Своими – многими – текстами Барскова пытается разнять блокадное существование, представить эту непредставимую жизнь в нечеловеческих условиях, понять саму суть существования в блокадном городе и в блокадном «после». «Седьмая щелочь» посвящена блокадным поэтам – людям, переживавшим блокаду в стихах, и их текстам – пронзительным (и таким разным) свидетельствам о катастрофе. Восемь поэтов, от лауреата Сталинской премии Николая Тихонова – трагической, на самом деле, фигуры, – поставившего свой идеологически выверенный взгляд на службу пропаганде, до принципиально «непечатабельных» (по выражению Лидии Гинзбург), выворачивающих наизнанку, сюрреалистических (или гиперреалистических?) Павла Зальцмана и Геннадия Гора. Каждый из этих людей – и божественная, жившая двойную жизнь Ольга Берггольц, и поразительная Зинаида Шишова – в июле 1942 года трансляция ее невероятной поэмы «Блокада» по Ленинградскому радио была прервана, и как бы застывшая в прошлом Наталья Крандиевская – бывшая жена Алексея Толстого, чьи юношеские рифмы (или юношеские чары) ценили Бальмонт и Бунин, и наблюдательный Сергей Рудаков, сделавший из своей жизни «жизнь при поэтах», и Татьяна Гнедич, воспевшая и, тем самым, – кто знает, – возможно, спасшая город и написавшая маленькое стихотворение про кошку-призрак – один из самых сильных и самых нежных текстов о блокаде, – все эти люди по-своему переживали стихами блокадный быт, блокадный ужас и блокадную боль, использовали стихи, чтобы оставаться собой «под ногами у смерти». И Барскова, перебирая эти стихи, эти слова и эти – и другие – судьбы, совершает еще один тяжелый, невозможны шажок к пониманию, к осознанию этих людей.

Рома Либеров когда-то говорил у нас про некоторые способы выживания интеллигента в советских условиях разной степени интенсивности. Но ХХ век-волкодав изобиловал и другими условиями для жизни/не-жизни. Поэтам, которым судьбой был уготован блокадный ад, тоже приходилось находить способы выживания, их тексты – документальные тому свидетельства. А книга Полины Барсковой дает нам возможность – нет, не п(р)очуствовать, это невозможно, но хотя бы попытаться понять эти тексты и эти жизни.

Жека Шварц, Facebook

Катя Хиновкер

Сегодня День памяти жертв Блокады Ленинграда.
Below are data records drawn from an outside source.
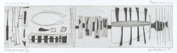 Curator: Here, we have Esq Tom Phillips’ "Music Drawing". What strikes you first about the piece? Editor: The lines, definitely! It's very graphic, almost like a blueprint. What materials did he use? Curator: The process reveals much. The graphite’s layering and erasure suggest a repeated, almost ritualistic making. Look at how the lines interact. Are they truly distinct? Editor: Not really. They overlap and blur. So, you're saying the *making* of this is key to understanding it? Curator: Exactly! The labor, the materiality – it all speaks to how art production mirrors broader societal processes of consumption and transformation of raw material. It almost seems like an assembly line, a pre-industrialized one perhaps. Editor: I never thought of it that way! The marks do seem repetitive in a way. Curator: So the value here lies not just in the finished image, but in the evidence of its material construction. Editor: Thanks! I'll certainly think about art differently from now on.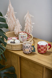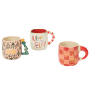 Celebrate the season with the Kitschy Christmas Mug Collection. This collection includes three distinct styles. Choose from a red and pink checkerboard pattern with "SLEIGH ALL DAY", a pink and green tree pattern with "HAPPY HOLLA DAYS", or a white speckled base with "WHAT THE ELF?". Each mug makes a delightful holiday gift, especially when paired with a small drop-in plant or a bag of coffee.
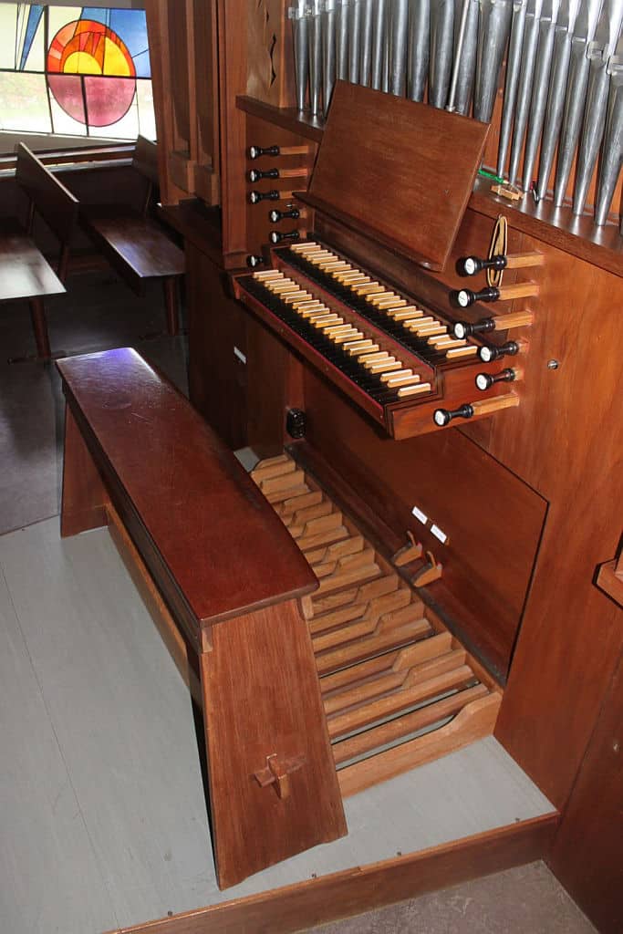 Rugwerk: C – g3 Gedekt 8′, Fluit 4′ – 1963/2000, Prestant 2′, Sesquialter II sterk (vanaf a), Tremulant.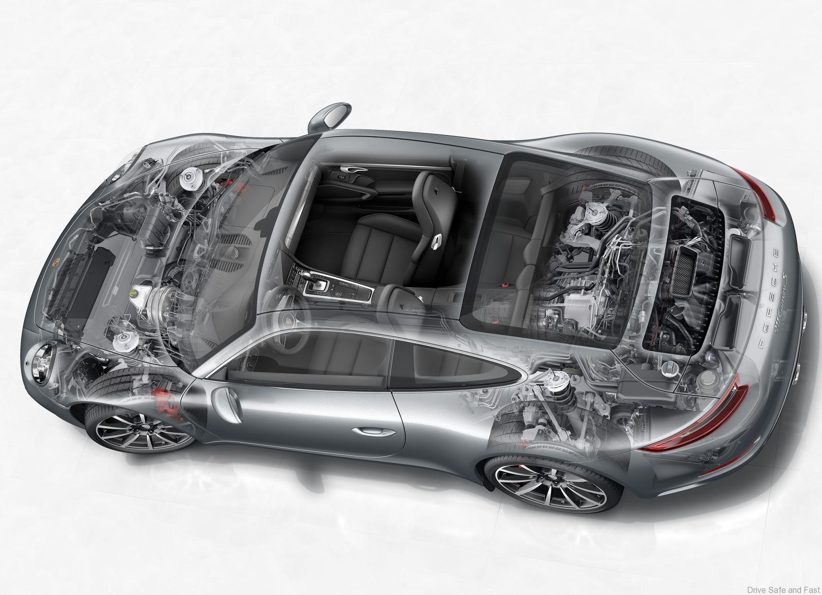 The greater power of the 911 Carrera S results from turbochargers with modified compressors, a specific exhaust system and tuned engine management.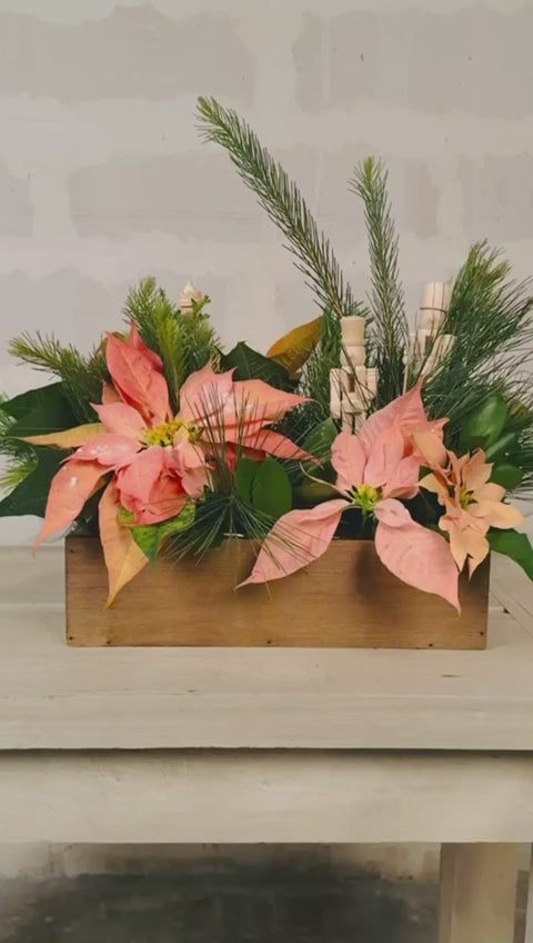 Centro de mesa navideño con nochebuena natural y follajes festivos cuidadosamente seleccionados. Esta composición combina la elegancia de la flor  con ramas de pino, eucalipto y elementos verdes que evocan la calidez de la temporada. Ideal para decorar tu mesa de comedor o sala durante las festividades. Cada arreglo es único y elaborado con atención al detalle para garantizar frescura y belleza duraderas.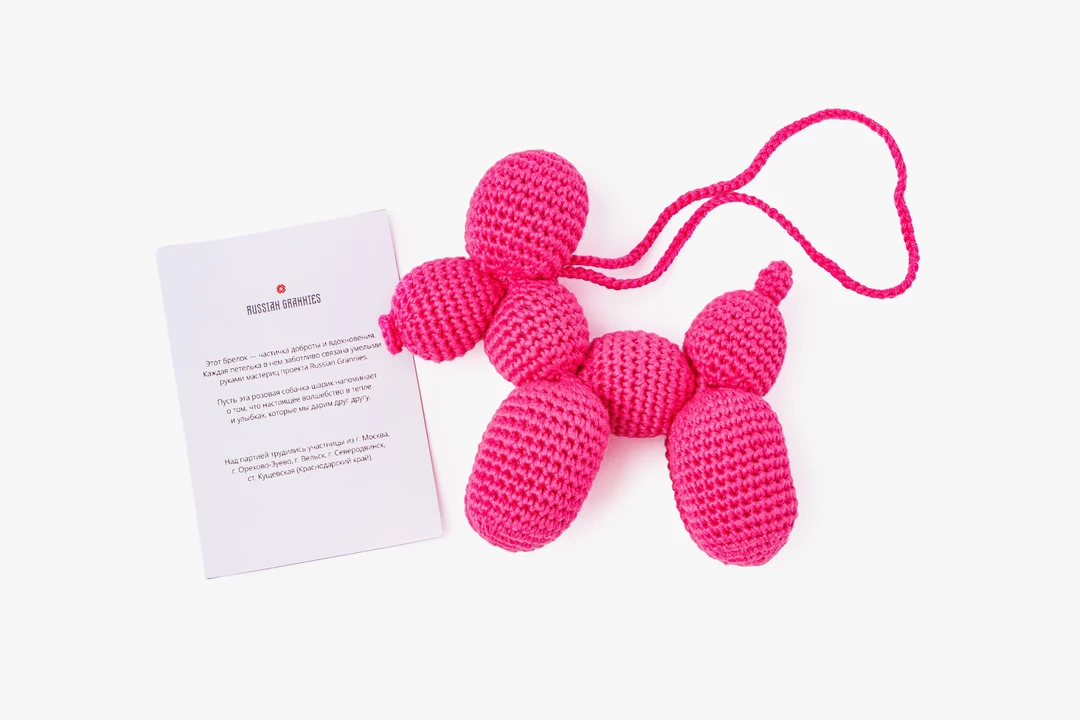 Вязаный брелок в виде милой собачки добавит уюта в повседневность. Компактный размер позволяет удобно носить его на рюкзаке или сумке, ведь он не занимает много места. Мягкая смесь из 50% хлопка и 50% акрила приятна на ощупь и хорошо держит форму, а аккуратная плотная вязка выдерживает ежедневное использование. Яркая расцветка вызывает улыбку и создаёт хорошее настроение. Брелок можно использовать не только по прямому назначению, но и как подвеску или украшение детской комнаты. Изделие связано руками мастеров старшего возраста проекта Russian Grannies. Размер брелока: длина — 10,5 см, высота — 11 см.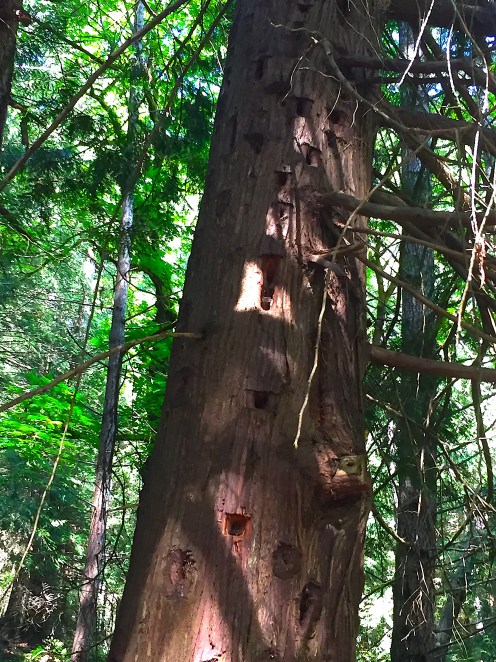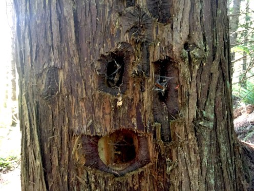 I had no idea until an earlier walk with Joe that pileated woodpeckers made square or rectangular holes in trees. This particular tree has so many that I have dubbed it the woodpecker condo. What’s truly fascinating is the way the tree repairs the damage.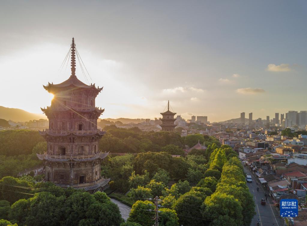 这是2021年7月8日拍摄的朝霞中的福建泉州开元寺东西塔。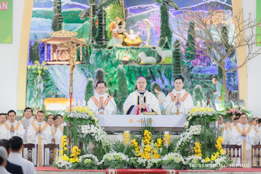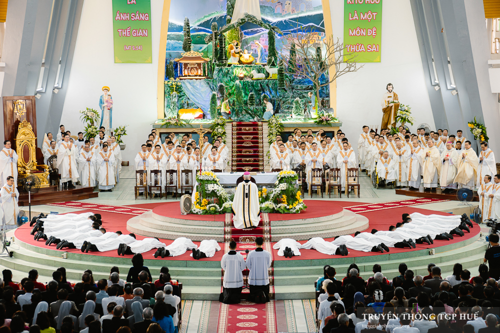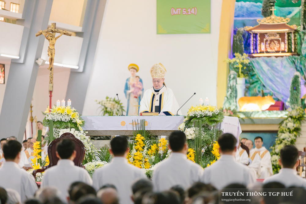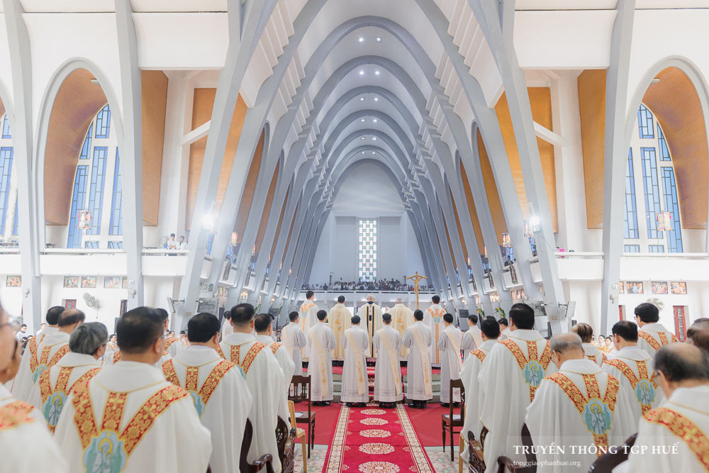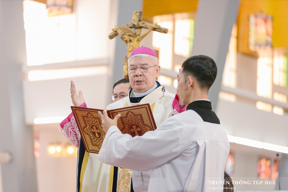 Thánh lễ được cử hành lúc 08g30 thứ Năm ngày đầu năm mới 01.01.2026 tại Nhà thờ Chính toà Phủ Cam. Với Thánh lễ này, Đức TGM Giuse đặt tay truyền chức Phó tế cho 10 Đại Chủng sinh TGP và 11 Tu sĩ Dòng Thánh Tâm Huế. Cùng đồng tế có Đức Cha Phanxicô Xaviê Lê Văn Hồng – Nguyên TGM TGP Huế, Cha Barnaba Trần Đình Phục – Tổng Đại diện, Cha Đaminh Phan Hưng – Đại diện Giám mục, quý Đức Ông, Cha Phêrô Nguyễn Thái Công – Bề trên Tổng quyền Dòng Thánh Tâm Huế cùng hơn 300 Linh mục và Phó tế trong và ngoài TGP. Hiệp dâng tham dự Thánh lễ có đông đảo quý Đại Chủng sinh, quý Tu sĩ nam nữ và cộng đoàn Dân Chúa đến từ nhiều Giáo phận.

Многие блокадники вели дневники и прятали их. Прятали от представителей Советской власти, которая решила не спасать людей, а превратить их в невольных героев и мучеников. Голос блокадного города — Ольга Берггольц закапывала в землю и прибивала свои записи к днищу скамейки, чтобы ее собственная память не пропала из-за цензуры. Даже радиоэфир Зинаиды Шишовой — поэтессы, оставшейся в блокадном городе, был прерван, так как цензоры нашли в тексте лишнее для остального советского мира и очень личное для ленинградца-блокадника понятие. «Дистрофия». Постепенно рассекречиваются архивы, и неприглядная (дистрофичная, цинготная, подснежная) правда выходит на свет. Блокадные тексты открываются и переоткрываются читателю.

Ведущая исследовательница блокадной лирики — поэтесса Полина Барскова. Ее сборники с малоизвестными блокадными авторами для меня были как взрыв, после которого нельзя не видеть и нельзя молчать. Этот список стал для меня обязательным к прочтению:

«Седьмая щелочь» и «Живые картины» — язык не поворачивается определить жанр как «нон-фикшн», поэтому пусть будет «поэтическое исследование». Книги – поэтическое исследование судеб блокадных поэтов и блокады как события (Издательство Ивана Лимбаха).

«Блокада. Хрестоматия» — сборник малоизвестных текстов блокадных авторов (Издательский проект «А и Б»).

«Written in the dark» — небольшая двуязычная антология ленинградских поэтов.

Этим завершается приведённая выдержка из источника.